For children, there was no shortage of toys in the shops at Christmas in 1939. Teddy bears, ‘made in finest quality gold-coloured or white mohair plush’ and ranging from 10 inches to 26¼ inches in height sold from 2s.3d (11p) to 22s.6d (£1.13). Dolls’ houses could be had for 10s.11d (55p), while deluxe ones
sold for 75s (£3.75). For boys, a Hornby No. 1 Special Passenger Train Set cost 33/6d (£1.68), and Meccano sets ranged in price from 3/3d (16p) to 22/6d (£1.13). But besides traditional Christmas presents, there were many others that had taken on a more warlike aspect; clockwork balloon barrages, model tanks, Bren gun carriers and searchlights at 4/11d (25p). A F.R.O.G. Interceptor Fighter retailed at 5s (25p) and an Astra mobile anti-aircraft gun at 6/6d (33p). Girls’ dolls were still readily available, but now with smart-looking gas-mask carriers slung across their shoulders. And there were miniature uniforms for Red Cross nurses, pilot officers and naval officers selling at 5/11d (30p). Topical board games in the shops included the popular novelist Dennis Wheatley’s ‘Invasion: a thrilling battle of wits in which players have as their playing pieces the armed forces of the Navy, Army and Air Force. Complete with map, 160 playing pieces, dice and shaker’, which sold for 7/6d (38p). Even cheaper was ‘The Dover Patrol. Great Game of Naval Tactics’ at 4/6d (23p) and the picture puzzle ‘Soldiers of the King’, which retailed at five shillings (25p).
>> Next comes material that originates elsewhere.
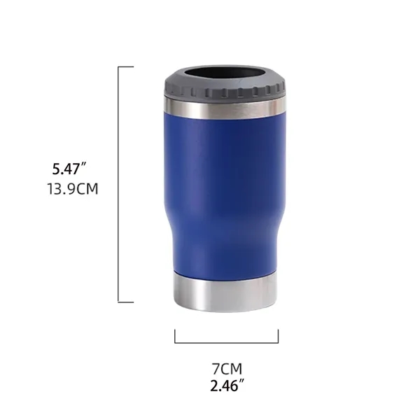 Description:This versatile can cooler features double-wall vacuum insulation technology to keep your drinks cold for up to 12 hours, or hot for up to 6 hours. The wide mouth opening allows you to easily fill and clean the cooler, and the compact design allows you to easily hold it in your hand or put it in your bag. Fits in most car cup holders. The can cooler is made of high-quality 304 stainless steel, which is rust-proof, leak-proof, and durable, ensuring that your drinks remain fresh and uncontaminated. The sturdy construction also makes it resistant to impacts and scratches. The sleek and elegant design of the can cooler makes it the perfect accessory for any occasion. Whether you are at the beach, camping, or partying with friends, this cooler will add a touch of sophistication to your drinks.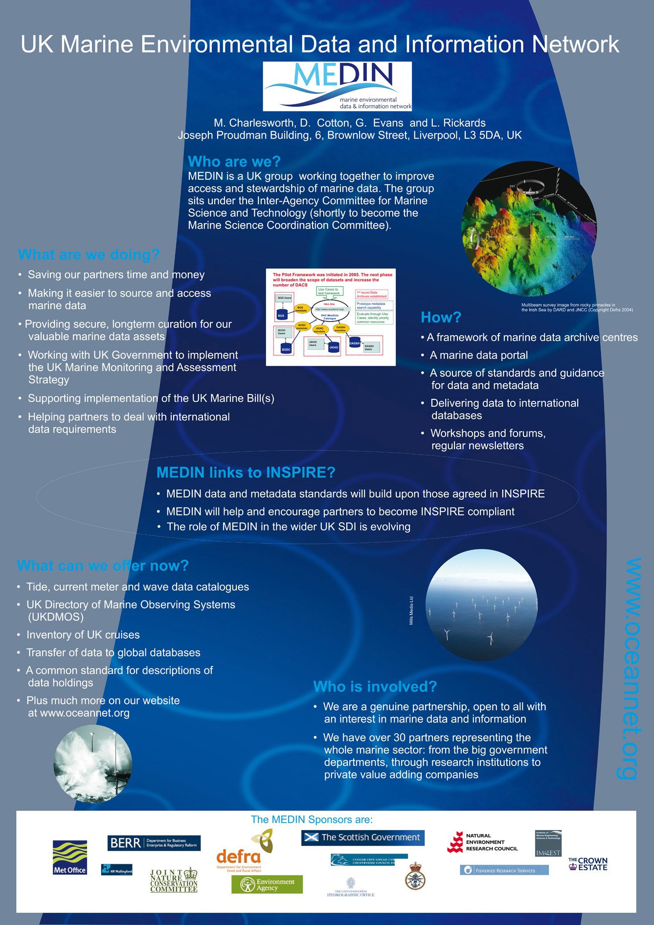 The meeting provided the opportunity to contribute to the discussions on how metadata and data standards are being implemented throughout the marine disciplines, including archaeology, and the developments of the MEDIN portal for accessing discovery metadata.

But for many families in Britain even that sum was beyond their means. Two days before Christmas,
Picture Post
highlighted the plight of the family of forty-nine-year-old John Warrington of Clarissa Street, Hagerston, East London. Married with eleven children, Mr Harrington had had a number of labouring jobs in the Thirties, before losing the last one when war broke out. He was one of the 1,270,000 registered unemployed in Britain that December. As Mr Harrington had served during the First World War, he rejoined the Army, only to be discharged after two months because of a weak chest. ‘Now, with Christmas in sight, he is without a job once more.’ Mrs Warrington told the magazine, ‘I would be pleased if he could get something. People think because I send my children out in decent clothes, we don’t need anything. But the two flats we live in cost us £1 a week in rent alone.’ Although ‘the children are healthy and gay’, the article concluded, ‘when war came it took
away their father’s job. It lessened their mother’s housekeeping money. But it didn’t take away their appetites. And whether their father gets a job or not, they will at least still have their appetites at Christmas.’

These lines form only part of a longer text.